BioPharma

Amgen takes out big stake in BeiGene for $2.7B in strategic partnership

Under the deal, BeiGene will help Amgen commercialize its oncology drugs in China, while Amgen will acquire slightly more than one-fifth of the Beijing-based firm. BeiGene will also participate in R&D efforts on 20 drugs in Amgen's oncology portfolio.

Biotech company Amgen will acquire more than one-fifth of an up-and-coming Chinese biotech company as part of a deal to expand its oncology presence in China.

The Thousand Oaks, California-based company said Thursday it would acquire a 20.5 percent stake in Beijing-based BeiGene for $2.7 billion as part of the deal, which would involve the latter company commercializing Amgen’s Blincyto (blinatumomab), Kyprolis (carfilzomib) and Xgeva (denosumab) in China.

Shares of BeiGene were up 30 percent on the Nasdaq Friday morning following the announcement. Shares of Amgen were up slightly more than 1 percent.

The aforementioned drugs are respectively used to treat acute lymphoblastic leukemia, multiple myeloma and bone diseases and events related to cancers. Amgen said the deal would enable it to significantly accelerate its oncology presence in China and would involve both companies advancing its pipeline there. Amgen already has Xgeva approved in China, along with the cholesterol drug Repatha (evolocumab).
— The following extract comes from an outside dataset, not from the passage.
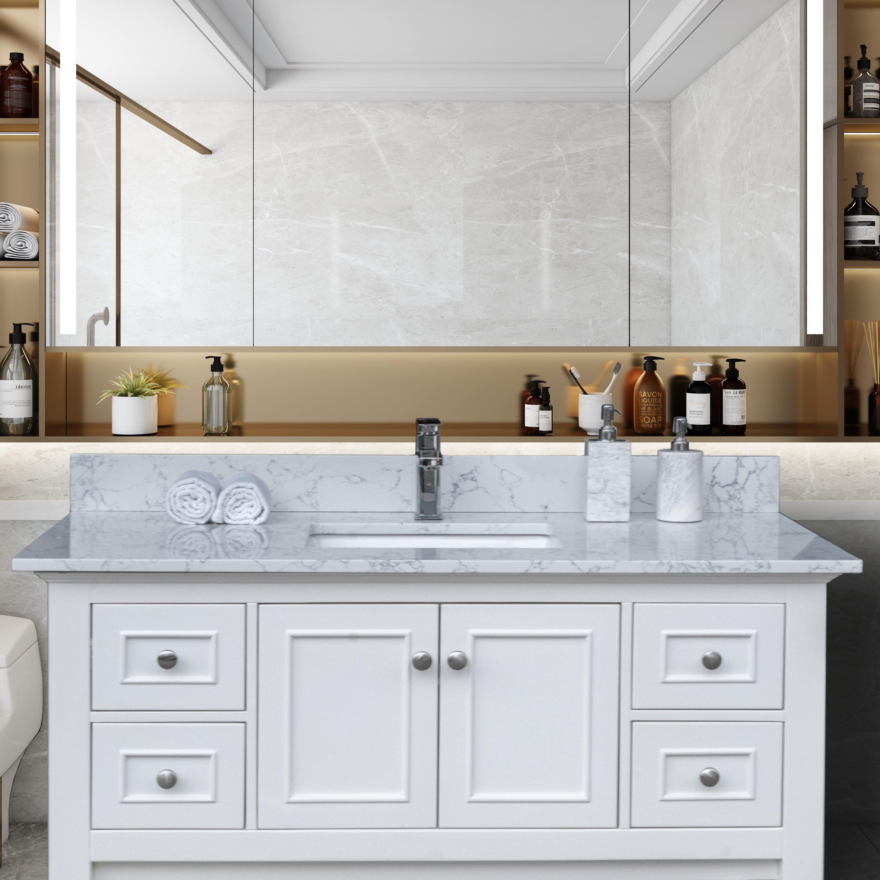 1.Warmly elegant and stylish Carrara marble vanity top complement most Bathroom designs and coordinate with both light and dark cabinetry High-end and classic natural stone top Pre-sealed and Polished for added protection

The deal will also include 20 drugs in Amgen’s oncology pipeline, with BeiGene contributing up to $1.25 billion to advance them in China and globally. Amgen will pay BeiGene royalties on sales of those products outside of China, except for its KRAS G12C inhibitor, AMG 510.
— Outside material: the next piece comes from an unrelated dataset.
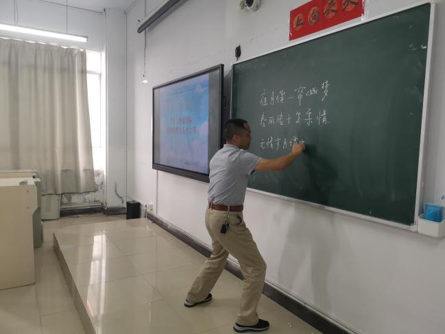 一手好的粉笔字是教师教学基本功的基本体现。文学与传媒学院为提高教师综合素养,促进教师专业成长,组织了这次粉笔字板书大赛。参加的人员中既有年过五旬的老教师,也有刚刚参加工作的年轻博士。为彰显文学与传媒学院的专业特色,老师们大都以传统经典诗文作为板书内容。比赛采取现场书写的方式,参赛老师各展所长,不仅用笔讲究,点划和谐,教授古代汉语的老师甚至采用全繁体字书写,展现了深厚的教学功底,得到现场观摩教师的交口称赞。经过两小时的紧张比赛,院教学督导现场打分,共有12名教师获得一二三等奖。

BeiGene previously had a partnership with Celgene, prior to the January decision by Bristol-Myers Squibb to acquire that company, for $74 billion. They had been developing BeiGene’s PD-1 checkpoint inhibitor for cancers, tislelizumab, but the Chinese company regained global rights to the drug from Celgene, given that BMS already has its own approved PD-1 inhibitor, Opdivo (nivolumab).

The news also comes two months after the Food and Drug Administration accepted and gave priority review to BeiGene’s new drug application for zanubrutinib, for treating relapsed and refractory mantle cell lymphoma, with a decision expected by February 2020. The company will release data from the Phase III ASPEN study comparing zanubrutinib with AbbVie and Johnson & Johnson’s Imbruvica (ibrutinib) in Waldenstrom’s macroglobulinemia, for which Imbruvica is the only approved drug, likely in December.
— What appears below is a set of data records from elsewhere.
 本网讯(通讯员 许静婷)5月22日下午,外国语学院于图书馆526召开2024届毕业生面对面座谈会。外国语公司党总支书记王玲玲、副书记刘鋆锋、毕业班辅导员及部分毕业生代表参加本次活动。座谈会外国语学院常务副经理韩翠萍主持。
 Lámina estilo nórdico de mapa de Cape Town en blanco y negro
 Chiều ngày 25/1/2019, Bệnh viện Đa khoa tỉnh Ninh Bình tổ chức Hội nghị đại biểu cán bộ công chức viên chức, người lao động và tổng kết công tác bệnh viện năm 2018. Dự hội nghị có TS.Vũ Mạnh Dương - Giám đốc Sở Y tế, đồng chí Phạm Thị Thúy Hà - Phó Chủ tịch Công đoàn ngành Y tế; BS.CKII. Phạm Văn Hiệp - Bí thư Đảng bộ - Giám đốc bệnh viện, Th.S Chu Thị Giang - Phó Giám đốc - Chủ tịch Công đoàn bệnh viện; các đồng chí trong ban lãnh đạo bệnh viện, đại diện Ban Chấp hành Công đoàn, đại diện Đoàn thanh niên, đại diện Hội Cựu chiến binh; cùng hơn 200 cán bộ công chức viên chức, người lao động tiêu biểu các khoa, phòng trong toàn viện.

In a note to investors, Cowen analyst Yaron Werber wrote it is understandable that investors may question the wisdom of the deal given that the imminence of the ASPEN data – which could lower BeiGene’s stock if they’re disappointing. But he wrote, stock prices are rarely a factor in strategic partnerships. Moreover, the 20.5 percent ownership stake Amgen took in BeiGene is a “big sign of confidence” in the company – indeed, Amgen could have kept its stake at 19.9 percent, as is more common.

“In our view this deal is highly strategic to Amgen as it affords entry into the lucrative Chinese market with a company that is culturally similar and is equally versed in Western business practices while being locally scaled in China,” Werber wrote.